Imagine yourself sitting in a movie theater so dark you can't see your hand in front of your face. You know a thirty-foot-high screen is before you, but you can't see it. Your eyes are still adjusting to the darkness. Finally, you see the black vacuum of space, as if through a portal into another reality. Thousands of tiny points of starlight appear before you. Then, without warning, an almost painful sound erupts from the screen. The Star Wars theme blasts against your eardrums--so loudly that your back straightens reflexively. In giant News Gothic bold yellow letters, the following words appear and begin to scroll out of sight toward a distant point against the background of stars.
> A war against general-purpose computing rages. On one side are the lords of technology: Google, Apple, Microsoft, their allies, and the unseen ones who control them. The lords of technology fight for money above all else, while their unseen masters fight for power. In a never ending quest to maximize their wealth and power, they are determined to control every computer in the known universe. Opposing them are the few who see the war clearly. The rebels fight to keep general-purpose computing alive. They fight for online privacy and free speech and the tools that make them possible. They fight for computers, operating systems, and software that can be used both on and off line, beyond the all-seeing eyes of the lords of technology and their masters. They fight for continued access to their computers' file systems. They fight for control of the data on their hard drives. They fight for general-purpose hardware and programs like Handbrake and Kodi that give them the power to listen to music and watch movies that they already own, without having to buy them again and again from the likes of Apple and Amazon each time hardware standards, file formats, or delivery methods change. They fight for continued access to decentralized networks like ZeroNet, IPFS, and I2P, the last strongholds of free speech on the Internet.

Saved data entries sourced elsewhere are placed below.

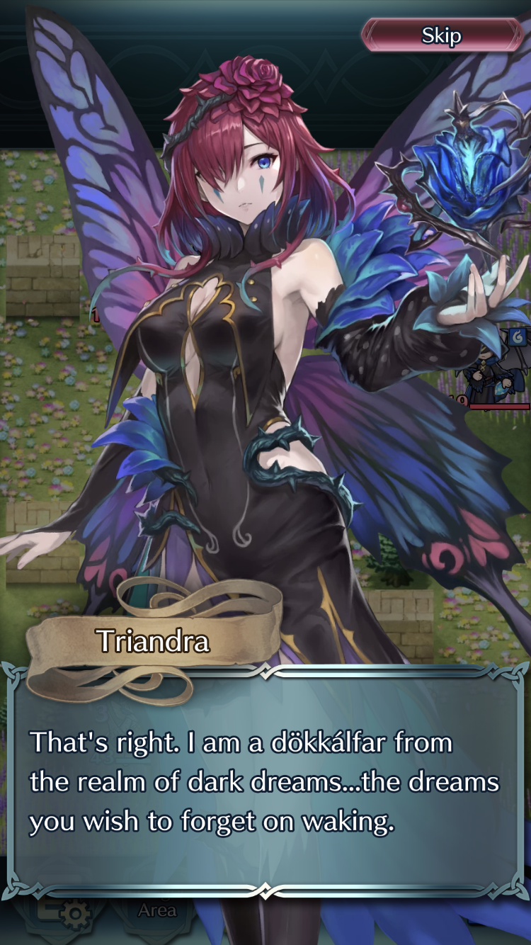 Upon their approach, Alfonse and the others quickly succumb to an unbearable drowsiness. In their half-conscious state, they are approached by Peony, a radiant light elf with the ability to conjure pleasant dreams.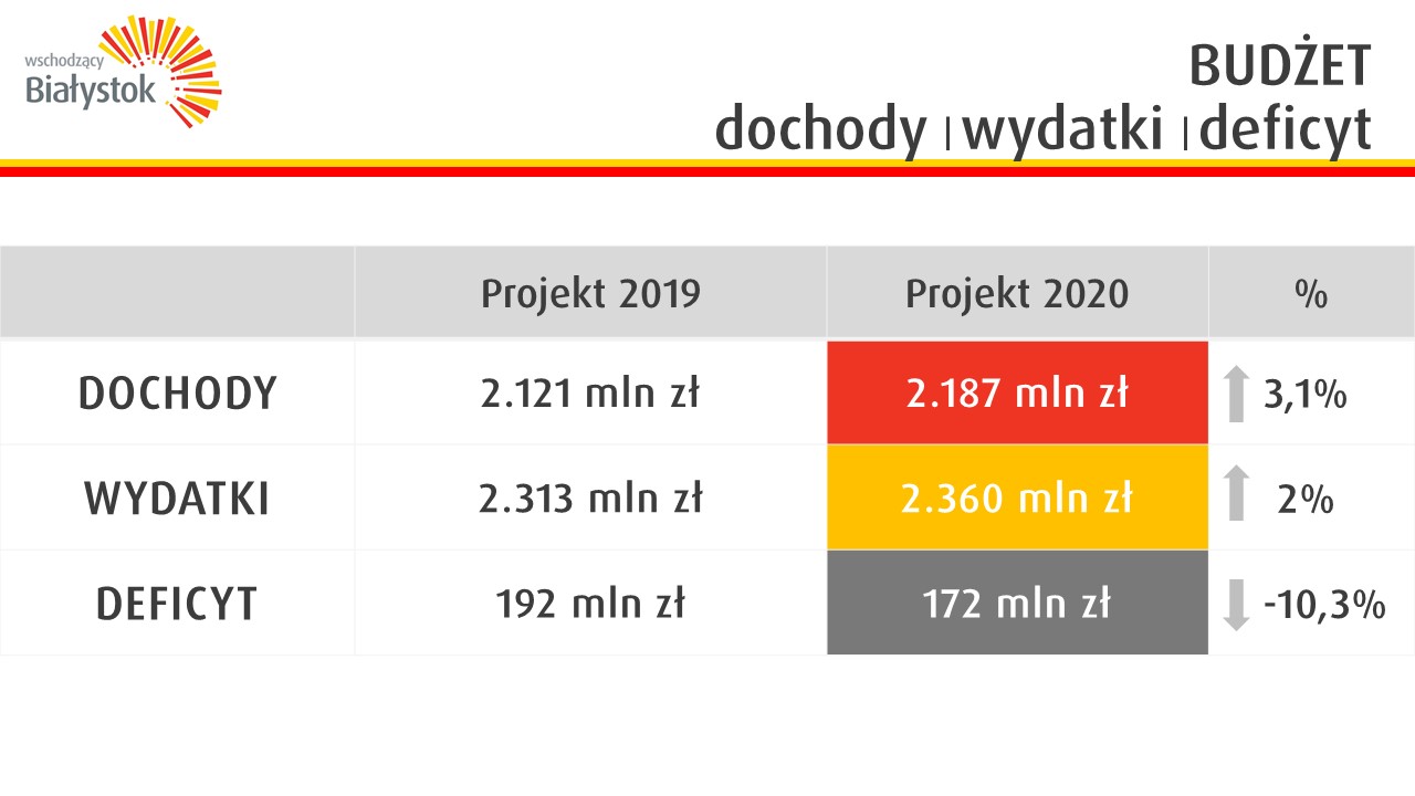Dochody mają wynieść ponad 2,18 mld zł (wzrost o 3,1 proc), wydatki ponad 2,36 mld zł (wzrost o 2 proc.), planowany deficyt to 172 mln zł i ma być o 10 proc. mniejszy niż w 2019 r. Wskaźnik zadłużenia miasta zwiększy się o 3,4 proc. z 46,8 proc. do 50,2 proc., co oznacza spełnienie wymogów ustawowych.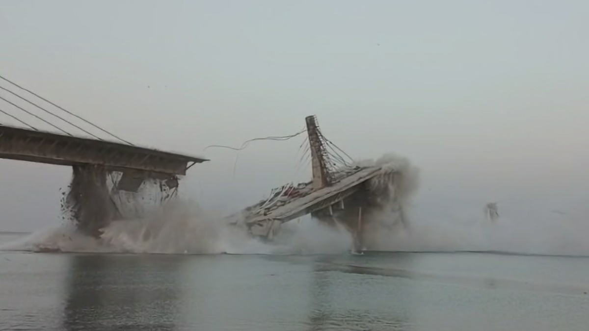 The video clearly shows that the superstructure of the under-construction bridge has fallen. While the exact reason for the collapse is yet to be clarified, it is reported that the structure over three pillars crumbled. The bridge, situated in Sultanganj, Bhagalpur, was meant to connect Khagaria and Bhagalpur.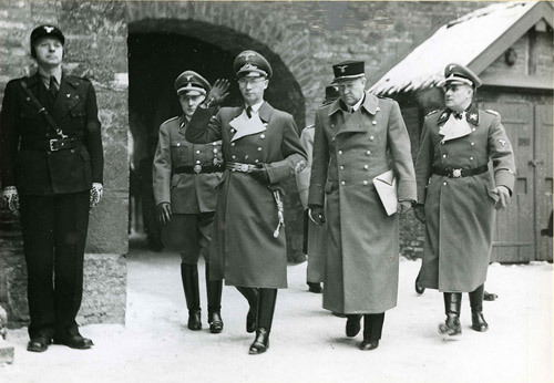Rikskommissær Josef Terboven og Vidkun Quisling kommer inn i borggården på Akershus slott 1. februar 1942, til Quislings innsettelse som ministerpresident i Norges "nasjonale regjering". Seremonien foregikk i den senere Olavshallen - salen over Margaretasalen i nordfløyen. (Foto: Riksarkivet).

> Between the two opposing forces are the non-technical masses. These are the online serfs who are completely unaware and will never become aware that their freedom and their money is being stolen by their masters, the lords of technology, who they serve unwittingly with their data and monthly fees. These are the instant messaging and cat video addicts whose only concern is that computers be easy enough for toddlers to use. These are the techno-toddlers who refuse to grow up...
A hooded Mark Zuckerburg enters the first scene as the Emperor. A muscular Jeff Bezos's is concealed beneath the black mask and cloak of Darth Vader...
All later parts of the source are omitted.